What changes, and what should change, when the economic, public, and political costs of these leftovers, unintended consequences and contaminants of globalization outgrow and overcome the accumulated benefits of their original projects?

This is a way of asking how, and to what extent, have we been valuing the systematic production of these REMNANTS of industrialization cum modernization cum globalization? – thus shifting the ground of discussion from mere technocratic, positivist, and otherwise discursively blindered and largely economic bases towards a yet undefined but more systemic, holistic, potentially Anthropocene ethics of public discourse.

This would be a DISCOURSE OF ENGAGEMENT with the evidence of gross maldistribution of the costs and benefits of the expansion of the neoliberal world economic culture system of globalization, now in a phase of trending toward authoritarian capitalism (over and against declining social democratic capitalism).

In this way, RESIDUES OF HARM, EJ/CJ’s program for 2018-2019, seeks to highlight questions of environmental and climate justice in the study of our changing cultural-economic life in 21st Century.

RESIDUES OF HARM will present globally diverse viewpoints on questions relating to the scientific and social visibility of environmental harm: Where do such residues tend to register and how should researchers and public intellectuals seek out and interpret their impacts on human bodies, the myriad species and their environments, and the manifold structural responses they engender, for example in emergent environmental and climate governance, policy, climate action plans, and social movements for environmental and climate justice?
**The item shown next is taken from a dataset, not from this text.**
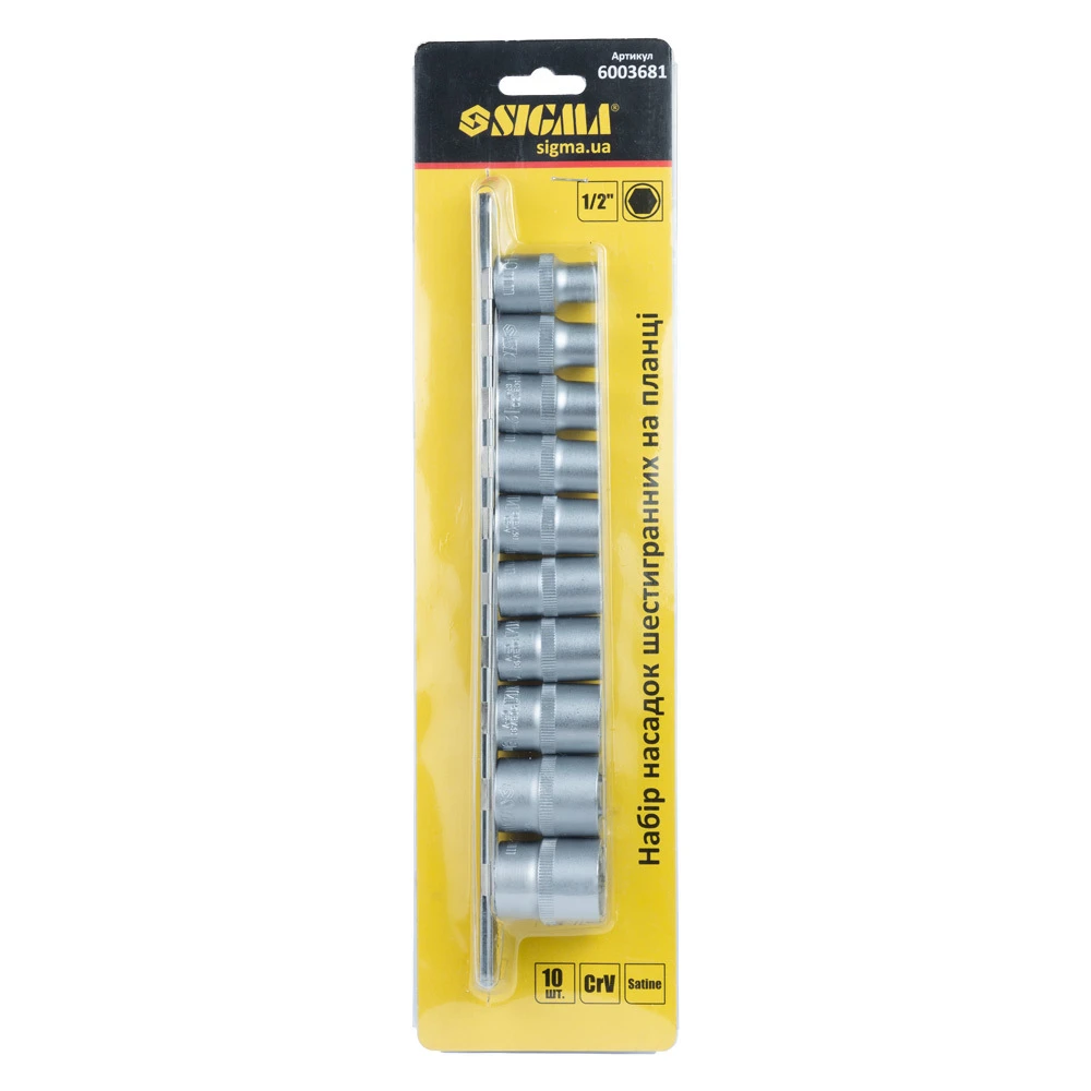 Набір насадок шестигранних 1/2" на планці 10шт CrV SIGMA (6003681) використовується для роботи з різьбовими з'єднаннями.

LEFTOVERS FROM MYRIAD PRODUCTIVE HUMAN ACTIVITIES, contaminants are released into global environments at every tail pipe, cooling tower, tailing pile, effluent pond, industrial forest fire, drained and burned peat bog, chemical factory, and leaking natural gas well – not to mention releases from the positive feedbacks of global warming already visible in the melting Arctic ices and the dark, heat-absorbing seas they expose, the melting of methane clathrates and permafrosts, the depletion of carbon soils, etc. etc., unto the ends of the earth.

THE RESIDUES WHOSE TRACES WE SEEK OUT and interrogate in this series have dynamic political implications, not least because of the unpaid social and environmental costs they generate, but additionally and perhaps even more consequentially because of the incalculable (i.e., non-economically measurable) human suffering they produce, for example in child cancer clusters, climate refugees associated with shifting monsoons, weather patterns, and shifting or diminishing growing seasons.